Or, the very fact that you have to consider making war to end war doesn't prove that war is not the only problem? And so, that the Pharaonic disease is not the only thing that had to be unlocked to make the GP?
I don't know if anyone here has said that that's the only aspect of the GP, I just suggested decentralization of government as a major component of the GP. And Leto's discussion with Duncan Idaho:
"Whatever I do," Leto said, "it is to teach a lesson."
Idaho rigidly willed himself not to look back at the scene of Nunepi's punishment. Was that the sound of Nunepi groaning? The shouts of the crowd pierced Idaho. He stared up into Leto's eyes.
"There is a question in your mind," Leto said.
"Many questions, m'Lord."
"Speak them."
"What is the lesson in that fool's punishment?
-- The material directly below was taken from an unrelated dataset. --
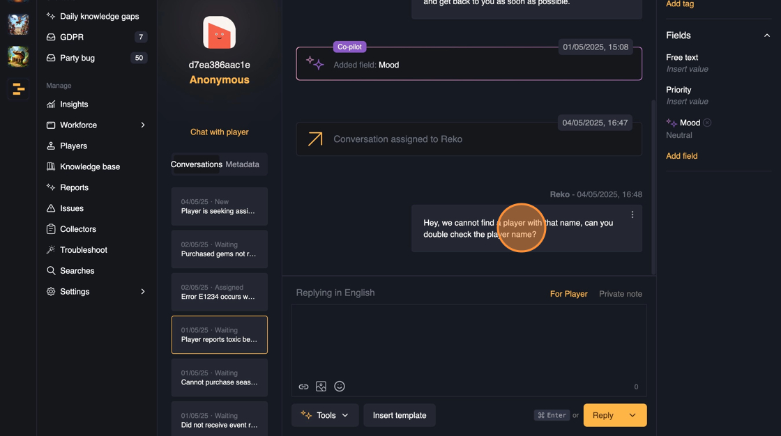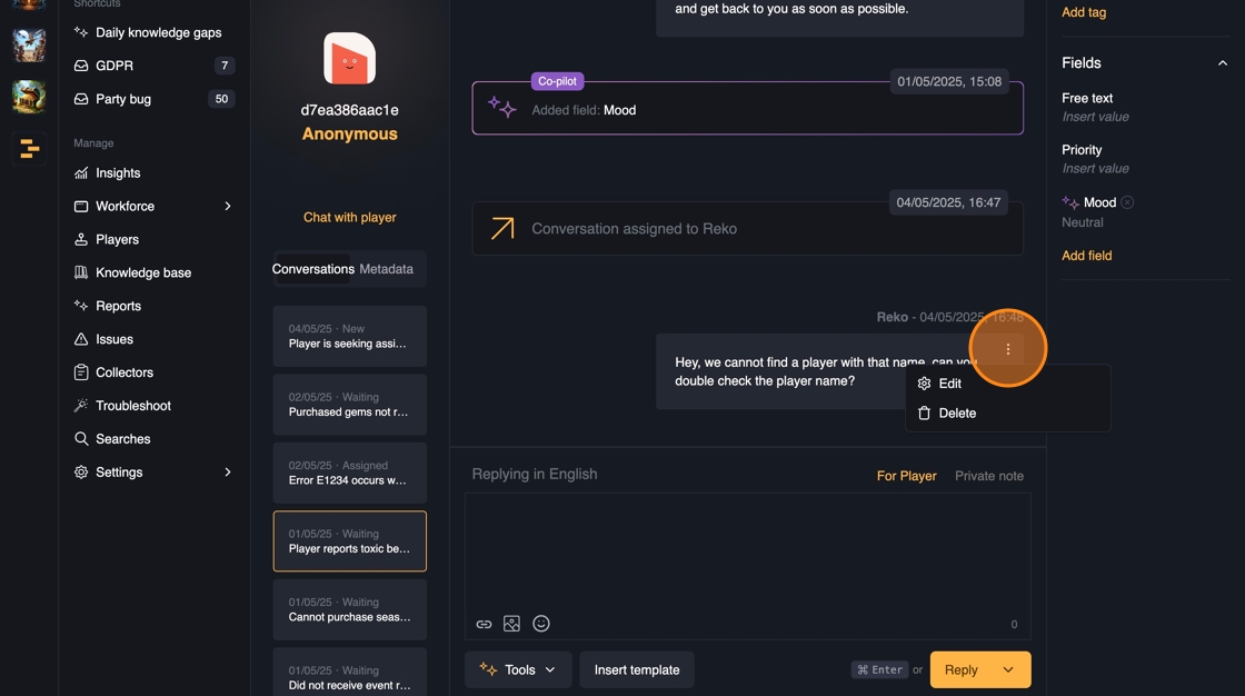 You can delete your messages, but only if the player has not yet seen the message. To delete a message, first hover the message you want to edit with your mouse. A triple dot "..." icon will appear at the top right of the message.

What do we say when asked?"
"We say that no one is permitted to blaspheme against the God Emperor."
"A bloody lesson, m'Lord."
"Not as bloody as some I've taught."
Idaho shook his head from side to side in obvious dismay. "Nothing good's going to come of this!"
"Precisely!"
So he definitely doesn't have any reservations to teaching against a practice by performing it. Of course, with Leto, this may be another lesson, "Look, see what happens when you kill to show that killing is wrong!" or something to that effect. I think that much of Leto's reign can be characterized by this: "Nothing good's going to come of this!"
"Precisely!"

People aren't going to really get it if you just tell them. If they have to live with the consequences, then the memory of that lesson will be incorporated into their institutions and way of life (so yes, the lessons taught to the father will be imparted to the child, by way of the child's education and the social structure in which the child is raised).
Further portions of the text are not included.